Das Rajesh Kumar, Islam Mirajul, Khushbu Sharun Akter
Department of Computer Science and Engineering, Daffodil International University, Dhaka 1341, Bangladesh.
Data Brief. 2023 Jul 24;50:109445. doi: 10.1016/j.dib.2023.109445. eCollection 2023 Oct.
The Bangla Transformation of Sentence Classification dataset addresses the resource gap in natural language processing (NLP) for the Bangla language by providing a curated resource for Bangla sentence classification. With 3,793 annotated sentences, the dataset focuses on categorizing Bangla sentences into Simple, Complex, and Compound classes. It serves as a benchmark for evaluating NLP models on Bangla sentence classification, promoting linguistic diversity and inclusive language models. Collected from publicly accessible Facebook pages, the dataset ensures balanced representation across the categories. Preprocessing steps, including anonymization and duplicate removal, were applied. Three native Bangla speakers independently assessed the Transformation of Sentence labels, enhancing the dataset's reliability. The dataset empowers researchers, practitioners, and developers to build accurate and robust NLP models tailored to the Bangla language. It offers insights into Bangla syntax and structure, benefiting linguistic research. The dataset can be used to train models, uncover patterns in Bangla language usage, and develop effective NLP applications across domains.

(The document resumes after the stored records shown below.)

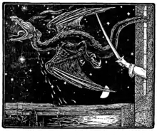 On the night of the wedding John the True took his place with drawn sword before the bridal chamber, and watched and watched and watched. Towards midnight he heard a rustling in the bridal chamber and, rushing in, saw a winged dragon coming through the window towards the King and Princess. He dashed towards it and wounded it with his sword, so that it flew out of the window, dropping blood on the way.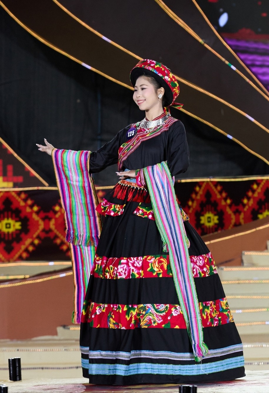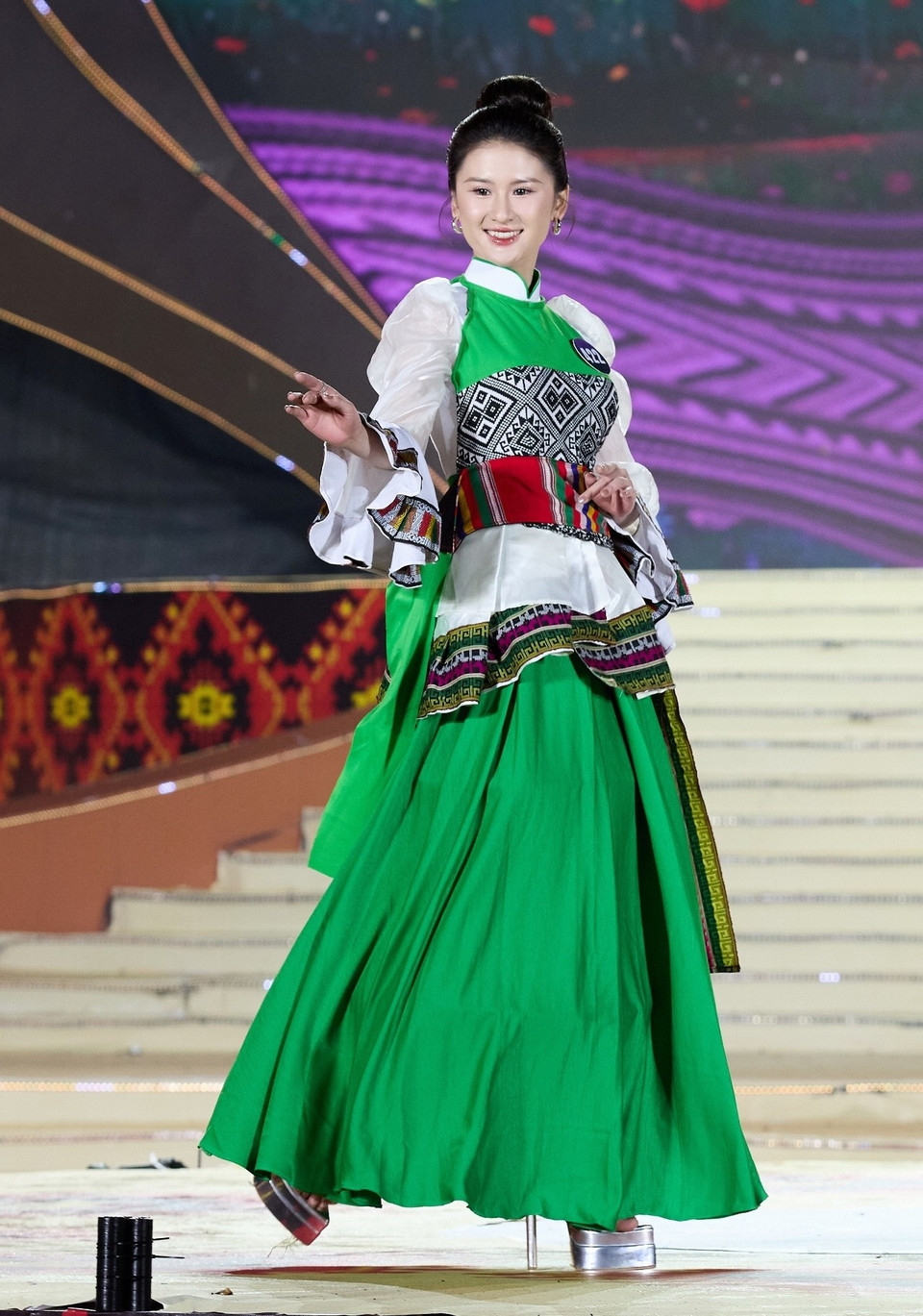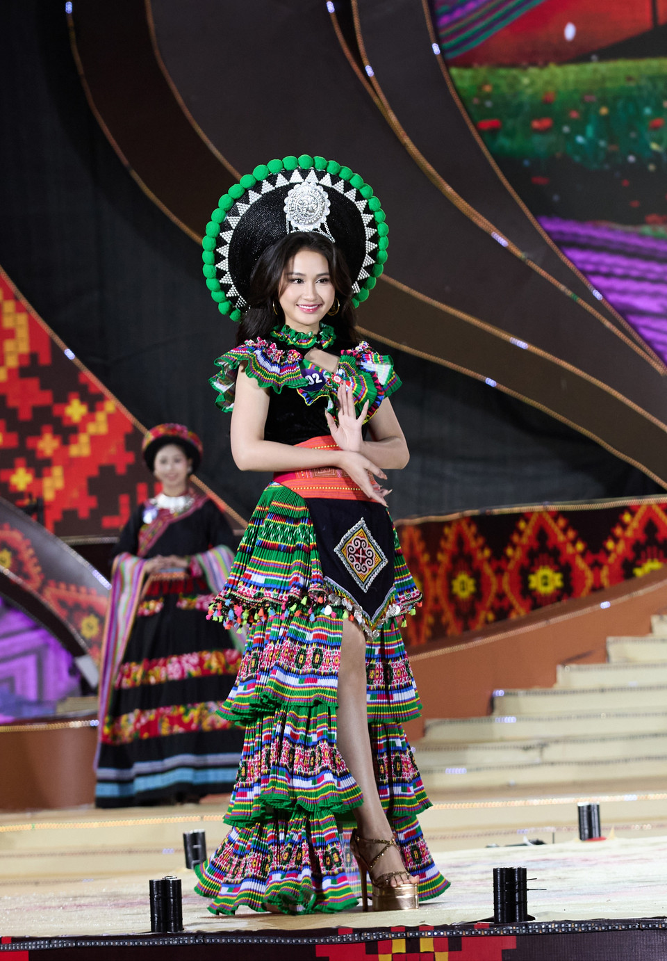 Những sắc màu dân tộc trên sân khấu đêm chung kết cuộc thi (Ảnh: CTV/Vietnam+)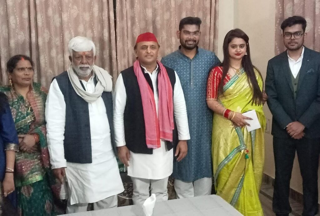 पूर्व मुख्यमंत्री अखिलेश यादव ने पूर्व राज्य मंत्री सुरेंद्र पटेल के नव विवाहित पुत्र व वधु को दिया आशीर्वाद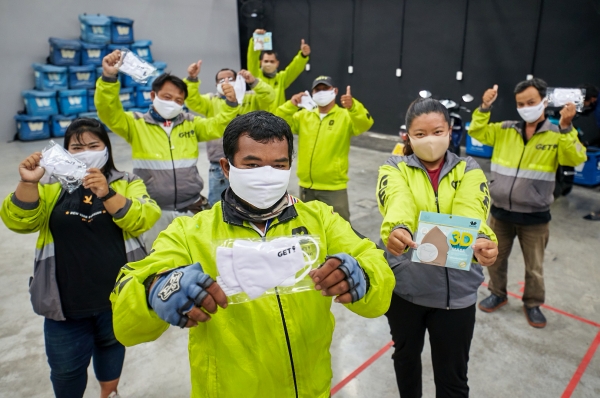 ในขณะที่สถานการณ์โรค COVID-19 ยังคงต่อเนื่อง GET (เก็ท) เดินหน้าในการสนับสนุนพาร์ทเนอร์คนขับและร้านอาหาร โดยการแจกหน้ากากผ้ากว่า 20,000 ชิ้น ให้กับทั้งพาร์ทเนอร์คนขับและร้านอาหารขนาดเล็กและขนาดกลางที่มีความต้องการใช้หน้ากากเพื่อการป้องกันโรคในการทำงานในทุกวัน

孟加拉语句子分类数据集通过提供一个精心策划的孟加拉语句子分类资源,解决了自然语言处理(NLP)中孟加拉语的资源缺口问题。该数据集有3793个带注释的句子,专注于将孟加拉语句子分类为简单句、复合句和复杂句类别。它作为评估孟加拉语句子分类的NLP模型的基准,促进语言多样性和包容性语言模型的发展。该数据集从可公开访问的Facebook页面收集,确保了各类别之间的平衡代表性。应用了包括匿名化和重复数据删除在内的预处理步骤。三位以孟加拉语为母语的人士独立评估了句子标签的转换,提高了数据集的可靠性。该数据集使研究人员、从业者和开发者能够构建针对孟加拉语的准确且强大的NLP模型。它为孟加拉语的句法和结构提供了见解,有利于语言学研究。该数据集可用于训练模型、发现孟加拉语使用中的模式,并跨领域开发有效的NLP应用程序。